=== Source data ===
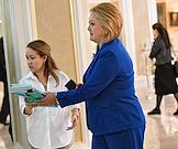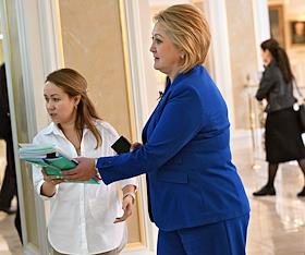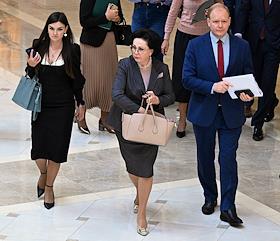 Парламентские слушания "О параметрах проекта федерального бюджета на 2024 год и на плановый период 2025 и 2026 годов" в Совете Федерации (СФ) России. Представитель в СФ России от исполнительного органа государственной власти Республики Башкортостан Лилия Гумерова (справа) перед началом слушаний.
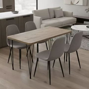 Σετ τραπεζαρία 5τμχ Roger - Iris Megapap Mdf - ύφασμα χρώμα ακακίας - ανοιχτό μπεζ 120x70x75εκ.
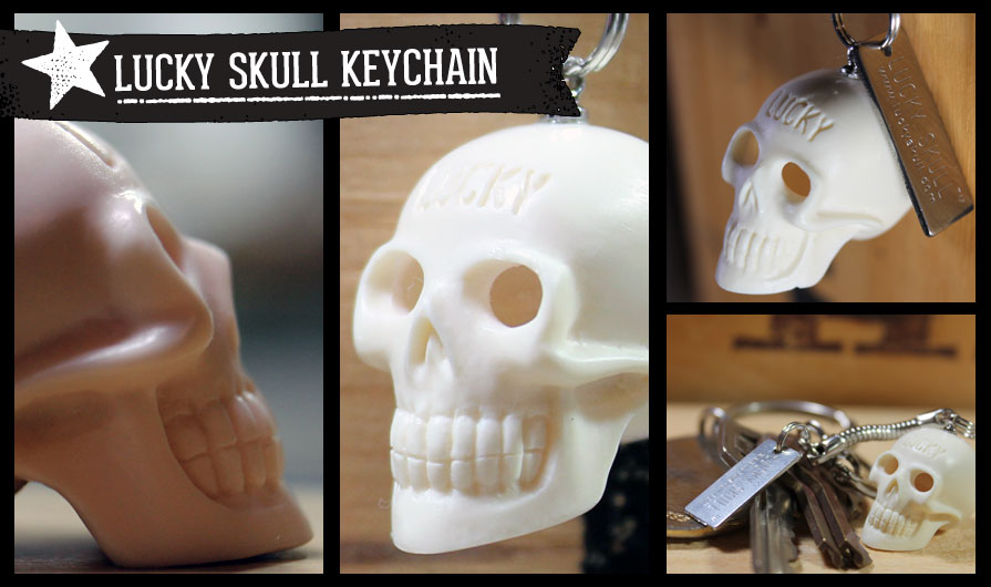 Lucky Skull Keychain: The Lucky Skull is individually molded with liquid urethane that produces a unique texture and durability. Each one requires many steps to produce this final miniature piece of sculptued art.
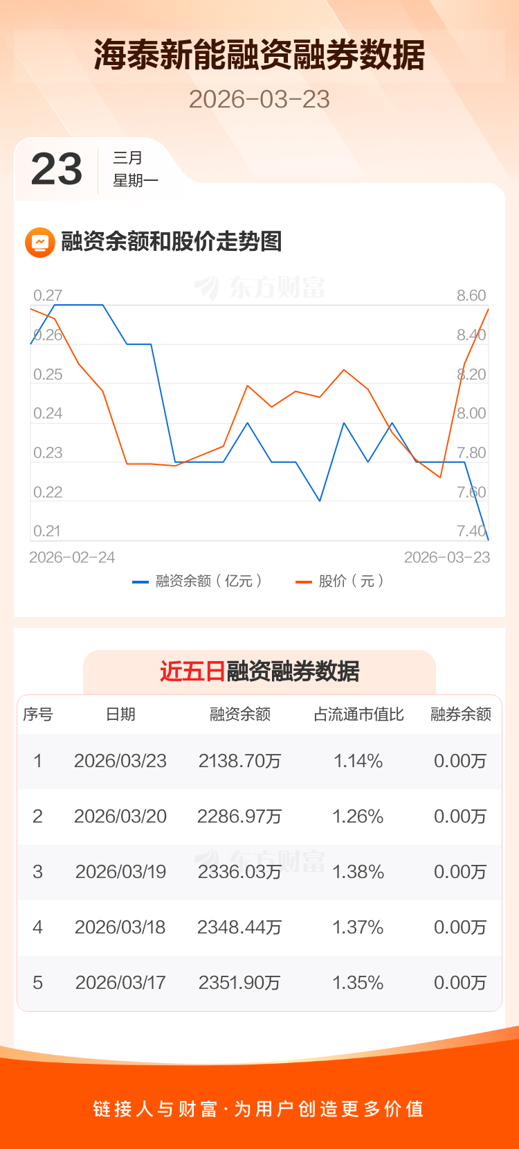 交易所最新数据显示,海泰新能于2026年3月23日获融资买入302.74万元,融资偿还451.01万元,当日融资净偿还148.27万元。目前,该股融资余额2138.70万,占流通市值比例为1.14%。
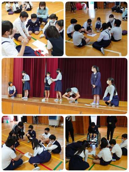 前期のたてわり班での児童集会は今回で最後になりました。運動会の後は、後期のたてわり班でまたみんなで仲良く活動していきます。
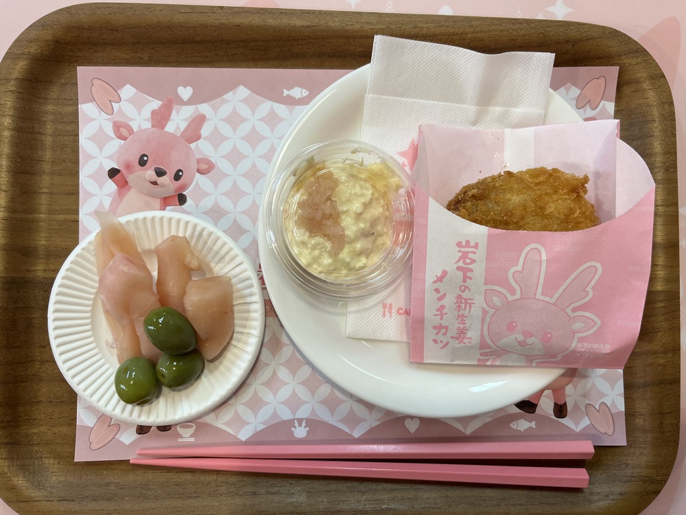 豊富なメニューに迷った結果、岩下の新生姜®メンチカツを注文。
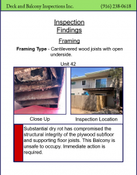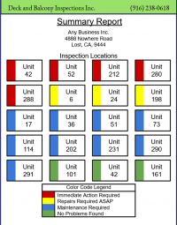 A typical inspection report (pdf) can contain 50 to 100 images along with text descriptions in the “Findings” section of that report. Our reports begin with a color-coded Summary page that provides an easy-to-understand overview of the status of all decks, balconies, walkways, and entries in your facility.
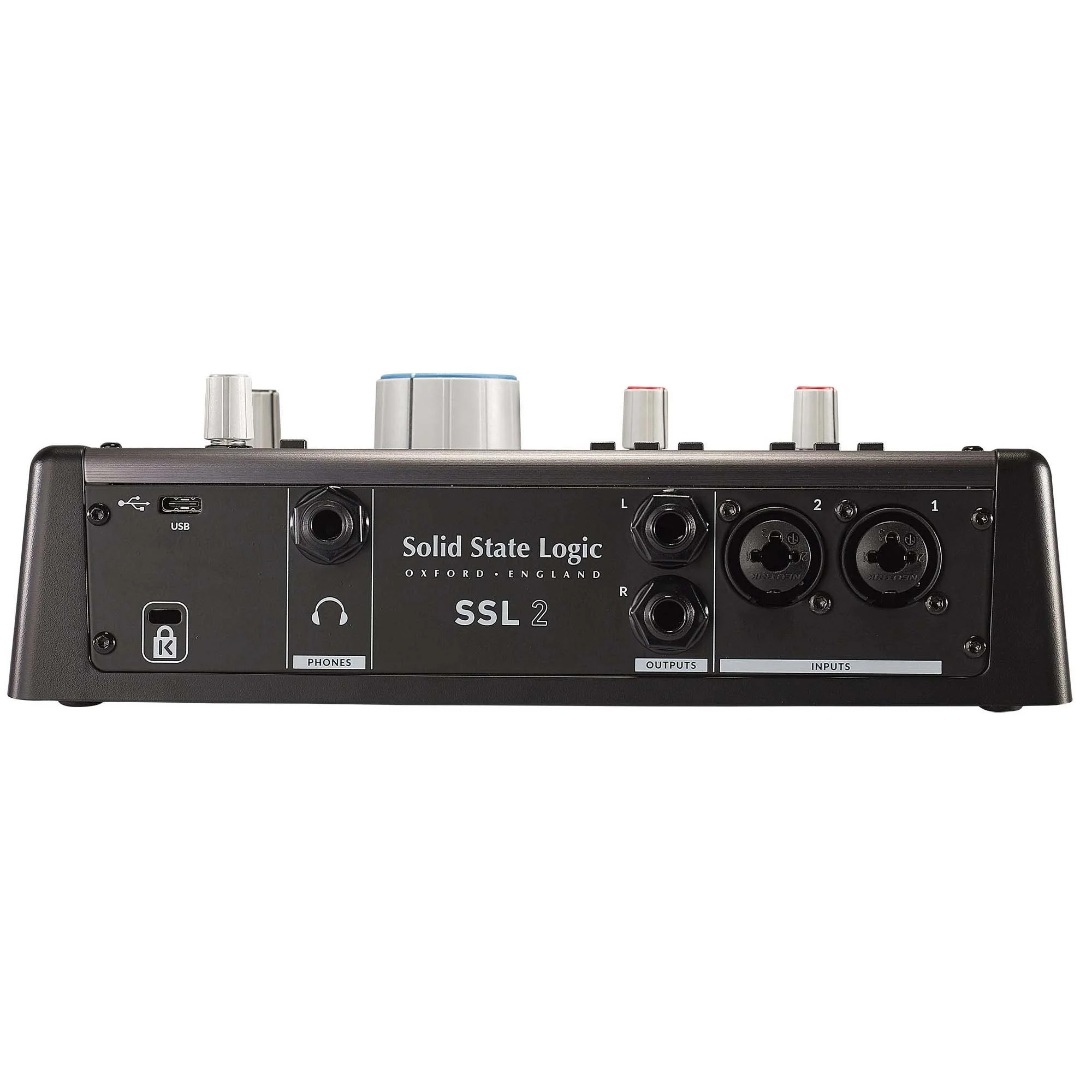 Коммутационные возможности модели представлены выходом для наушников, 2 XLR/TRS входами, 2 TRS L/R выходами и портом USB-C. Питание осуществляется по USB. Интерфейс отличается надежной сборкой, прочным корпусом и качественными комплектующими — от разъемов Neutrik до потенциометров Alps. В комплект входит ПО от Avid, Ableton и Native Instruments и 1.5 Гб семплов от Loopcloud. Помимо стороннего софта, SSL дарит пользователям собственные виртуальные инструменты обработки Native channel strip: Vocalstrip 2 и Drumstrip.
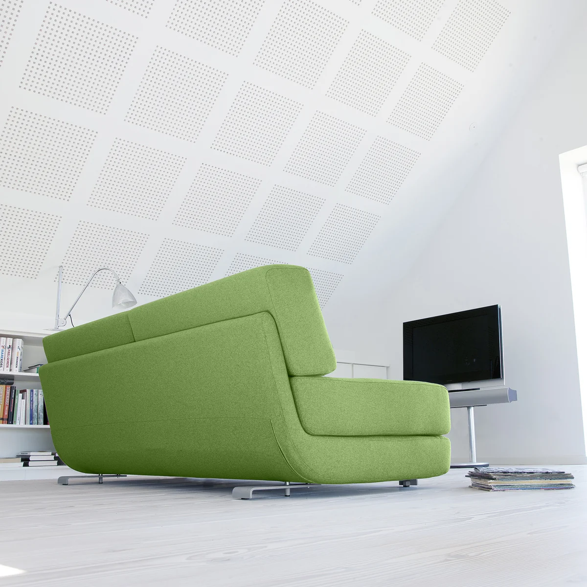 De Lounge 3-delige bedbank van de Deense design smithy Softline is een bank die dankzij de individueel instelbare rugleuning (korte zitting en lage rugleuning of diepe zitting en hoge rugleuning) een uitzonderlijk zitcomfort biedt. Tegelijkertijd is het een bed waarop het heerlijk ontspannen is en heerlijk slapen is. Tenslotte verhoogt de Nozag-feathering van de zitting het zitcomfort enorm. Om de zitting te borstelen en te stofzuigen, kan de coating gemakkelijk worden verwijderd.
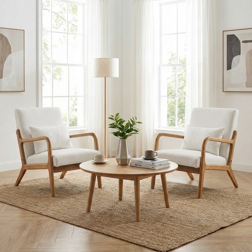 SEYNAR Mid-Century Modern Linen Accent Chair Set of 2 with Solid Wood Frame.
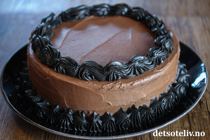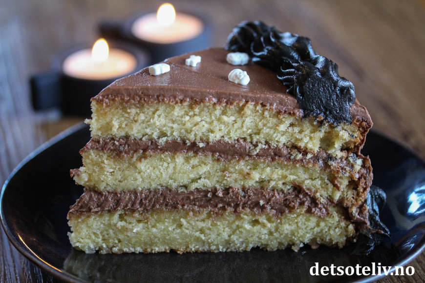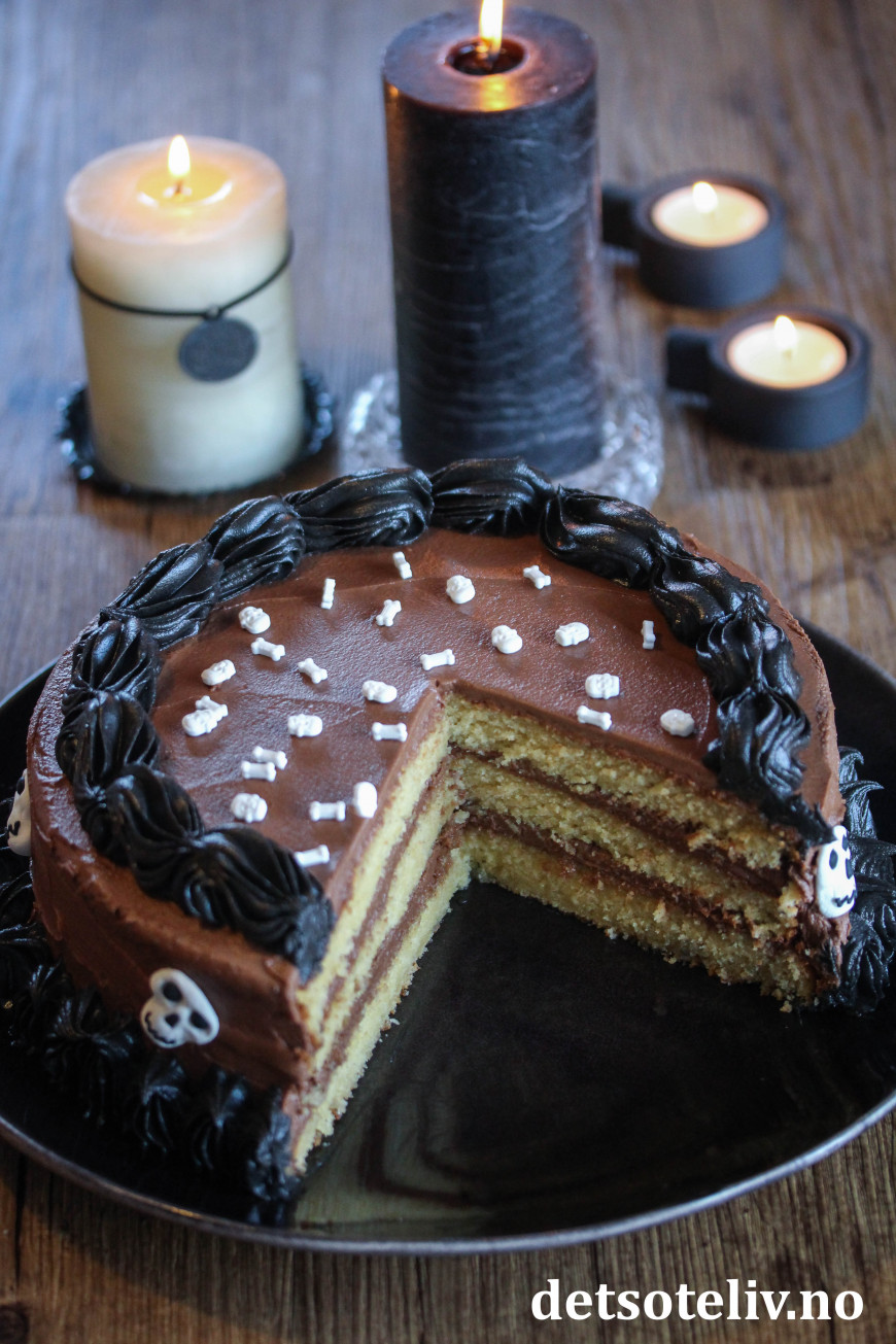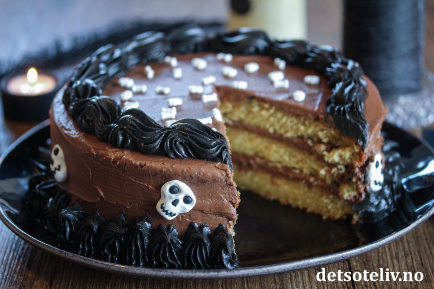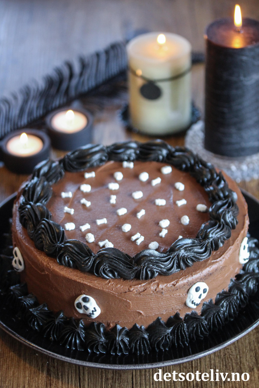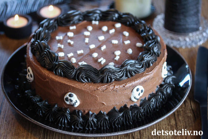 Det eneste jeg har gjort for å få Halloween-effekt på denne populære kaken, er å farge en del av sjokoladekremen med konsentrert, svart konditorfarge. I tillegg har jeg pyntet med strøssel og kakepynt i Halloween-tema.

=== Exercise ===
Every line from the one holding "Коммутационные возможности модели" through the final line of the data above is to be reproduced exactly, both ends included, with the pictures left out.

=== Result for this task ===
 Коммутационные возможности модели представлены выходом для наушников, 2 XLR/TRS входами, 2 TRS L/R выходами и портом USB-C. Питание осуществляется по USB. Интерфейс отличается надежной сборкой, прочным корпусом и качественными комплектующими — от разъемов Neutrik до потенциометров Alps. В комплект входит ПО от Avid, Ableton и Native Instruments и 1.5 Гб семплов от Loopcloud. Помимо стороннего софта, SSL дарит пользователям собственные виртуальные инструменты обработки Native channel strip: Vocalstrip 2 и Drumstrip.
 De Lounge 3-delige bedbank van de Deense design smithy Softline is een bank die dankzij de individueel instelbare rugleuning (korte zitting en lage rugleuning of diepe zitting en hoge rugleuning) een uitzonderlijk zitcomfort biedt. Tegelijkertijd is het een bed waarop het heerlijk ontspannen is en heerlijk slapen is. Tenslotte verhoogt de Nozag-feathering van de zitting het zitcomfort enorm. Om de zitting te borstelen en te stofzuigen, kan de coating gemakkelijk worden verwijderd.
 SEYNAR Mid-Century Modern Linen Accent Chair Set of 2 with Solid Wood Frame.
 Det eneste jeg har gjort for å få Halloween-effekt på denne populære kaken, er å farge en del av sjokoladekremen med konsentrert, svart konditorfarge. I tillegg har jeg pyntet med strøssel og kakepynt i Halloween-tema.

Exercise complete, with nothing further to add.